On rebooting and Zen

Cartoon of a devil's arm and tail coming out of a computer

Zen: A form of Buddhism. Also used to describe a state of peaceful calm.

As the year winds down, the pace winds up. It leaves most of us feeling distinctly non-Zen.

The Zen of Python

My pilot couse, Jumpstart Python Programming, ended this week. I don’t present courses that often anymore, and I’d forgotten how much I enjoy it. So I had lots of fun (and I hope my delegates did too).

While preparing for the course, I remembered the “Zen of Python”. This is a real thing. If you don’t know what it is, you can check out my previous blog post about The Zen of Python).

There is a great explanation by Al Sweigart of the Zen of Python. In particular, I love his explanation for one ofthe rules:

“Computers have made humans superstitious: To exorcise the demons in our computers we perform the sacred ritual of turning them off and then on. Supposedly this will fix any mysterious problem.”

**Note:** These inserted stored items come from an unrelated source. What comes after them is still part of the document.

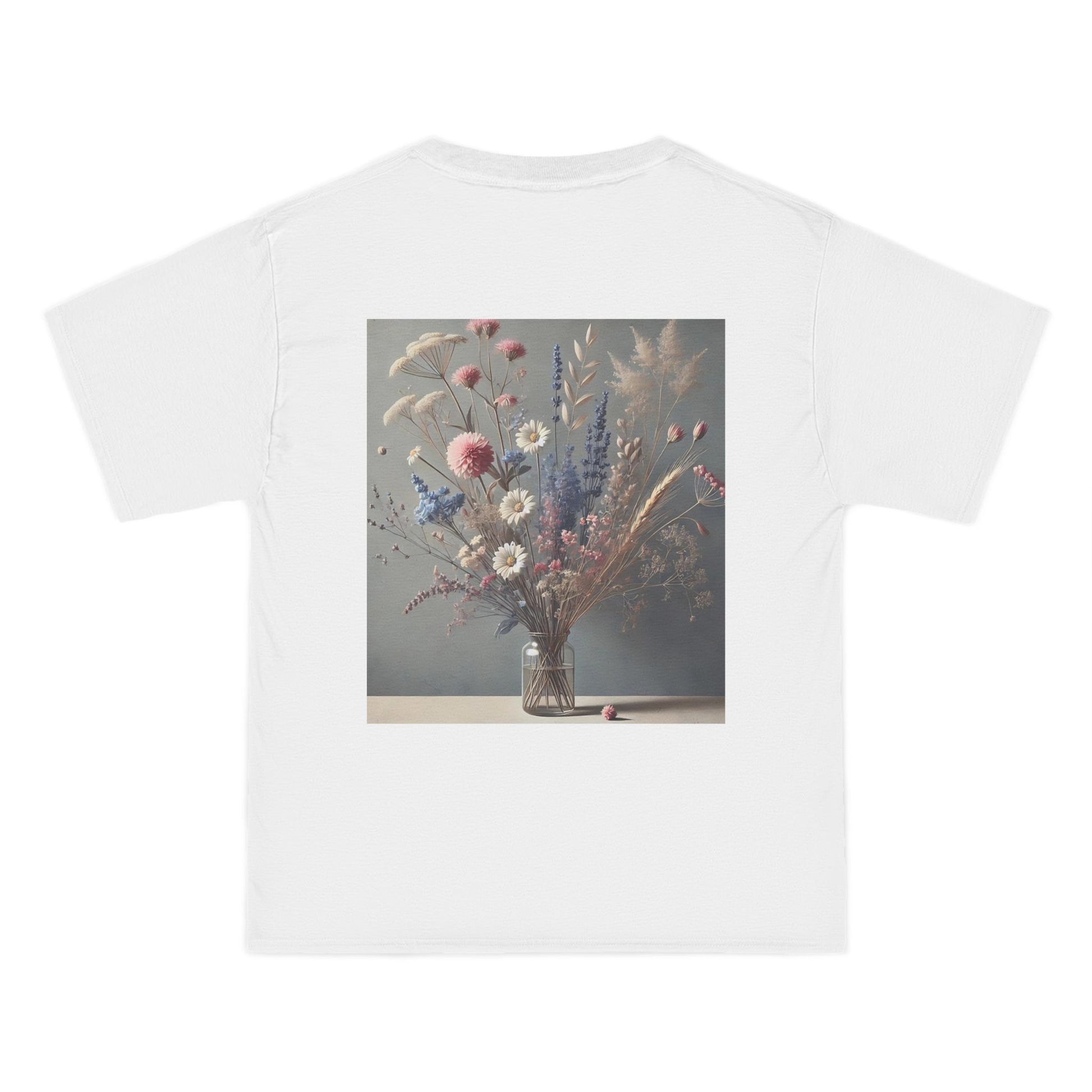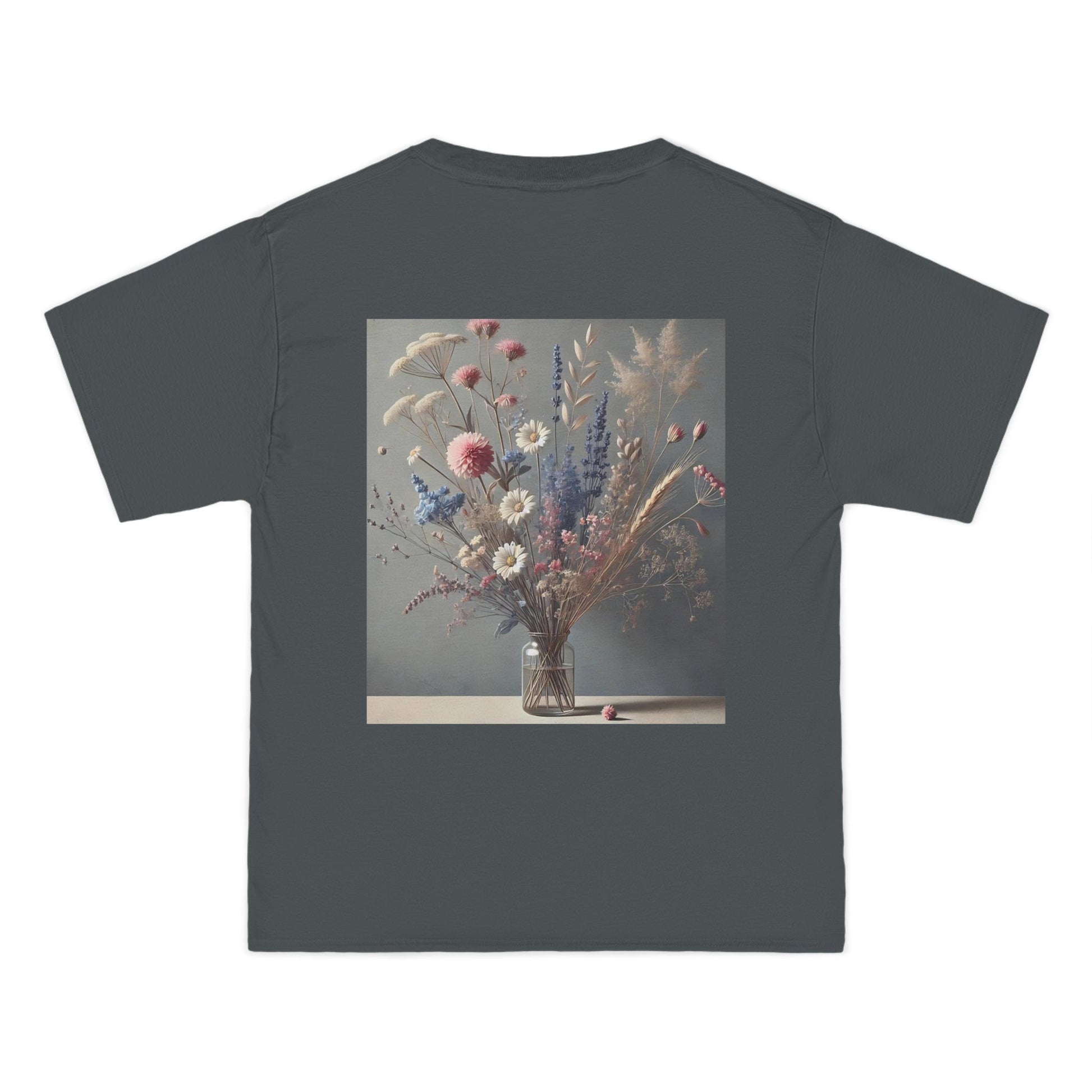 Welcome to your own personal canvas with our Delicate Floral Arrangement: Minimalist Nature tee. This serene and soft-spoken design, featuring a gentle bouquet of pastel flowers cradled in a glass vase, invites you to wear your world with pride and joy. Set against a soothing gray background, this wearable art piece is a testament to the power of simplicity and the beauty of nature.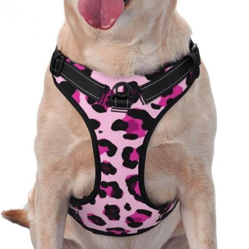 Dog Harness Traction Rope Cheetah Leopard Print Pink Floral Adjustable Breathable Pet Harness Animal Outdoor Walking Training Traction Rope Vest for Small Medium Large Dog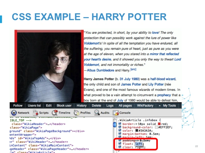 Today we are going to give you an introduction to CSS, what are the basic elements of CSS, pointers on how you can get started with using CSS and how it is used on Wikia. I want to start by saying that this will be a basic intro. CSS is a complex language, and we could spend hours describing all of its elements and capabilities, but as we don’t have time to do that, we are going to start with the basics. At the end we will list where you can get more advanced help, and please feel free to submit questions throughout the session. At the end we will do a Q&A as well as a live demo.

He goes on to a more prosaic explanation:

“However, computers are not magic. If your code isn’t working, there is a reason and only careful, critical thinking will solve it. Refuse the temptation to blindly try solutions until something seems to work; often you have merely masked the problem rather than solved it.”

If you don’t know what to do, reboot

The idea of exorcising the computer demons by rebooting amused me. And it’s true. It’s almost the first thing any support technician tells you to do. And we are quick to do it ourselves when we have a hardware or software problem. If you don’t know what to do, reboot.

There are some problems with this approach. It often doesn’t solve the problem. And it destroys any attempt at a Zen state of mind. I get quite agitated when I phone a support centre and get this advice. (Because I’ve already tried it!)

In fact, I recently revised my opinion about Amazon customer service. I had a problem with my Kindle Unlimited account, which I could reproduce on both my Kindles. The call center operators suggested the following:

  1. Rebooting both devices. Because if I can replicate it, somehow switching it on and off will make a difference.
  2. Logging out on the Kindle. Which is technically impossible to do.
  3. Unlinking the Kindle. A step beyond rebooting.
  4. Deleting my account. Really? Words fail me.

I refused to do steps 3 and 4. That was going beyond exorcism – more like following the demon all the way back to hell. Very unZen.

When you can’t reboot

Wouldn’t it be nice if we could reboot things other than devices?

The term “reboot” does not come from the desire to apply one’s foot violently to an uncooperative machine (or person). Although the emotions associated with both violence and rebooting are often quite similar.

So what do we do when we can’t reboot? Many people advise meditation. I haven’t got the hang of that, so I’ll go with Sweigart’s advice. Keep calm and think. And if thinking doesn’t solve the problem, there’s always chocolate.

So how do you get your Zen back when rebooting fails?